TOP SECRET.
OPERATION : STINKY FINGER


Prvt. Jon Wayne Pluko
CODENAME : GayLord RimJob

We have word that off the coast of vietnam the 'Fuck you Charlie' Ripped-Jeans-and-Lipstick Brigade is doing viral research and experimentation with dangerous forms of mullets, a.k.a. 'Kentucky-Waterfalls', for bio-chemical warfar. They plan to use these new specimans of mullet, a.k.a. 'Squirrel-Pelt', for global terrorism. There has also been radio messages that we decrypted revealing plans for an invasion of local Wal-Mart superstores. These mullets are capable of threatening the very ass, grass and gas that we hold dear. They may also cause castasrophic horror to our neigboring countries, or even Canada.

We have set up a team for your particular mission as follows :
Private Parts
Col. Lager
Sgt. Stain-Of-Shit, a.k.a. Handy
and Private First Class Pal Suckmeoff


Mission Objectives :
Infiltrate the military installation and set the satchel charges near the area of the gas pumps to cause a diversion.
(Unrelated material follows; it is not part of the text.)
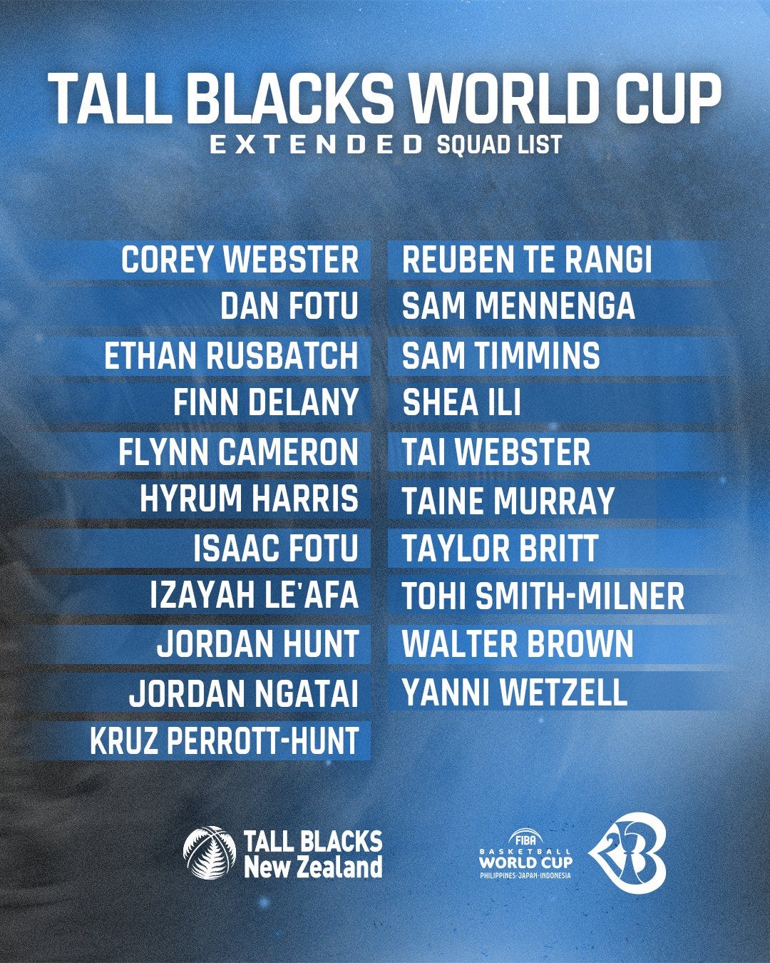 14/21 are currently playing NBL in Aotearoa, a couple of them specifically in order to build up reps ahead of the World Cup. Tyrell Harrison and Sam Waardenburg are the only guys with current Australian NBL contracts (excluding development players) not to be included. Two pairs of brothers have made it this far too.
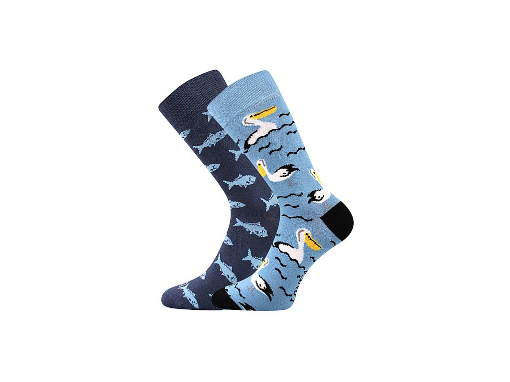 Lonka ponožky vtipné s obrázky "PELIKÁN+RYBA"

Proceed to LAB A by the snack aisle. Once inside you must then bypass the security door in the testing area. The access code is "That's Bullshit". You have at no more than 6 minutes to get inside and obtain the missing mullet, a.k.a. 'Yep-Nope', PROTOTYPE 69sensitive before the new mobile unit 4k 7 sentry cyber-skeletons are aware of your position. IT IS IMPERITIVE THAT YOU GET THE MULLET, a.k.a. 'Tennessee-Tophat', AND DESTROY THE LAB. Get to the evacuation point by the sai chan river and our team will be there to support you with surpressing cover fire.